**WHAT IS NEEDED:**
Output the data in full. Keep every word exact and exclude the pictures.

┄┄┄┄┄┄┄┄┄┄

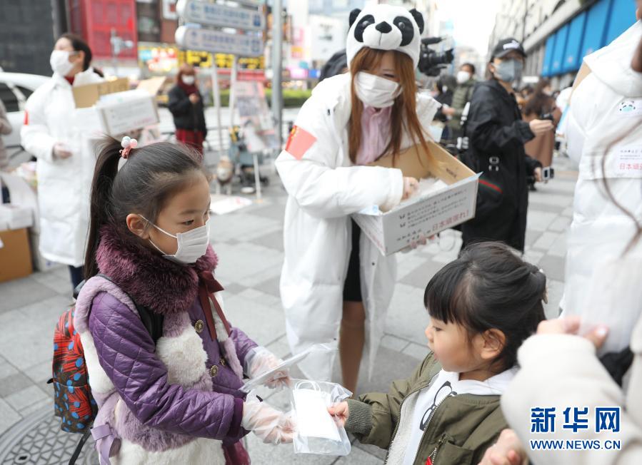 2月29日,在日本東京的池袋站前,在日華僑華人志愿者團(tuán)體“口罩熊貓行動小組”向當(dāng)?shù)孛癖娒赓M發(fā)放口罩,一名小志愿者(左)將兒童用口罩送給日本小朋友。新華社記者 杜瀟逸 攝
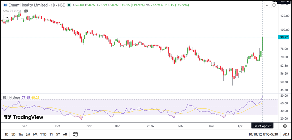 Emami Realty’s sharp rally signals a strong technical breakout after a prolonged weak phase. The move reflects improving short-term structure, but sustainability remains the key factor.
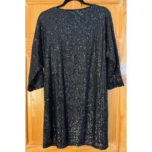 Vince Camuto 3/4 Dolman Sleeve Black Sequin Sheath Holiday Dress NWT Small
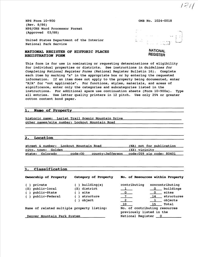 Golden ; Lookout Mountain Rd. S of US 6 to Golden Reservoir
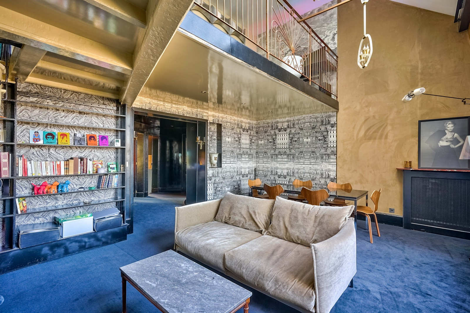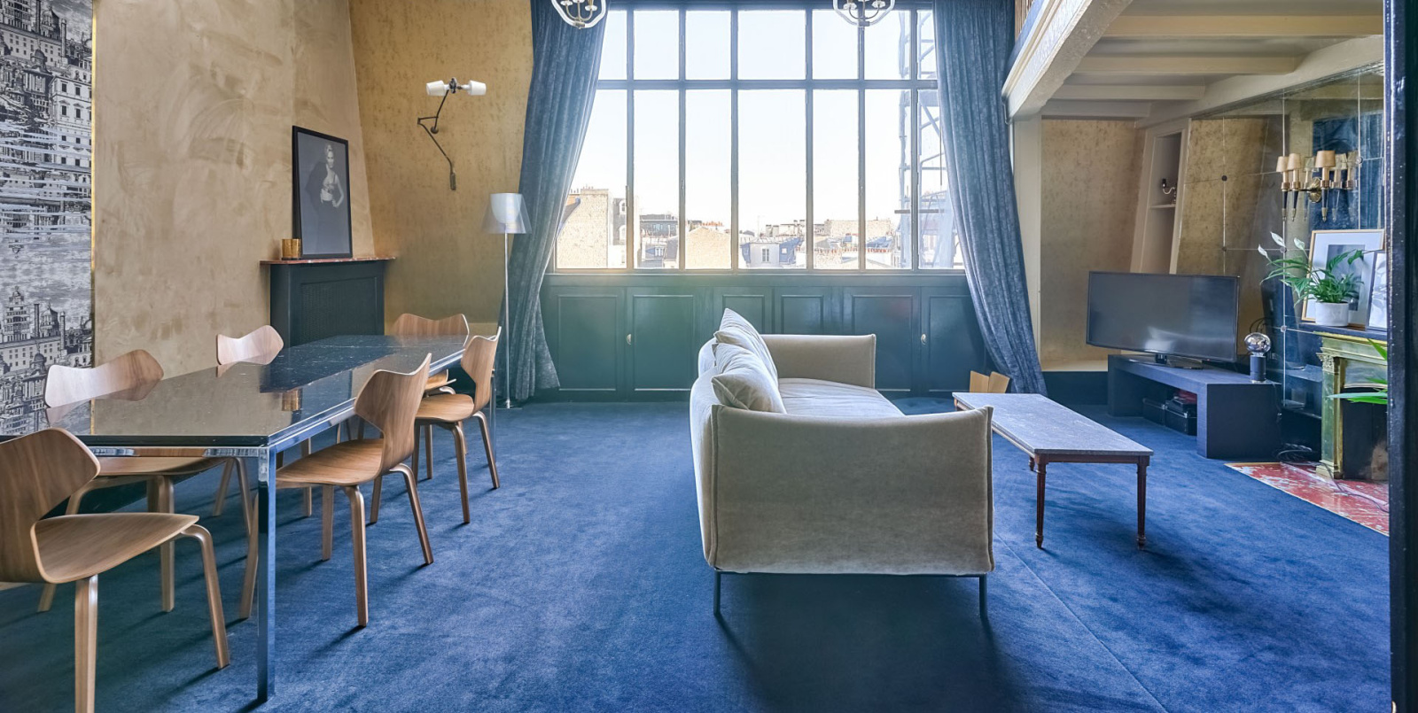 Il se compose d’une belle entrée avec rangements, d’une grande pièce de réception avec une magnifique cheminée de plus de 30m², plus de 5m de hauteur sous plafond, une grande verrière toute hauteur avec une vue imprenable sur les toits de Paris et la Villa des Ternes, d’une grande cuisine dinatoire équipée de 13m² (possibilité de créer une 3ème chambre et une cuisine américaine dans la pièce de réception), d’un WC indépendant, d’une chambre principale de plus de 13m² avec un dressing et d’une salle de bains. En duplex, une chambre de 11m² (possibilité de créer une salle de bains), un WC indépendant et un espace bureau et bibliothèque de 15m² ouvert sur la verrière.
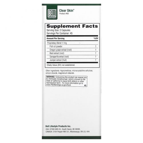 Bell Lifestyle, Чистая кожа, 90 капсул

┄┄┄┄┄┄┄┄┄┄

**THE ANSWER:**
 2月29日,在日本東京的池袋站前,在日華僑華人志愿者團(tuán)體“口罩熊貓行動小組”向當(dāng)?shù)孛癖娒赓M發(fā)放口罩,一名小志愿者(左)將兒童用口罩送給日本小朋友。新華社記者 杜瀟逸 攝
 Emami Realty’s sharp rally signals a strong technical breakout after a prolonged weak phase. The move reflects improving short-term structure, but sustainability remains the key factor.
 Vince Camuto 3/4 Dolman Sleeve Black Sequin Sheath Holiday Dress NWT Small
 Golden ; Lookout Mountain Rd. S of US 6 to Golden Reservoir
 Il se compose d’une belle entrée avec rangements, d’une grande pièce de réception avec une magnifique cheminée de plus de 30m², plus de 5m de hauteur sous plafond, une grande verrière toute hauteur avec une vue imprenable sur les toits de Paris et la Villa des Ternes, d’une grande cuisine dinatoire équipée de 13m² (possibilité de créer une 3ème chambre et une cuisine américaine dans la pièce de réception), d’un WC indépendant, d’une chambre principale de plus de 13m² avec un dressing et d’une salle de bains. En duplex, une chambre de 11m² (possibilité de créer une salle de bains), un WC indépendant et un espace bureau et bibliothèque de 15m² ouvert sur la verrière.
 Bell Lifestyle, Чистая кожа, 90 капсул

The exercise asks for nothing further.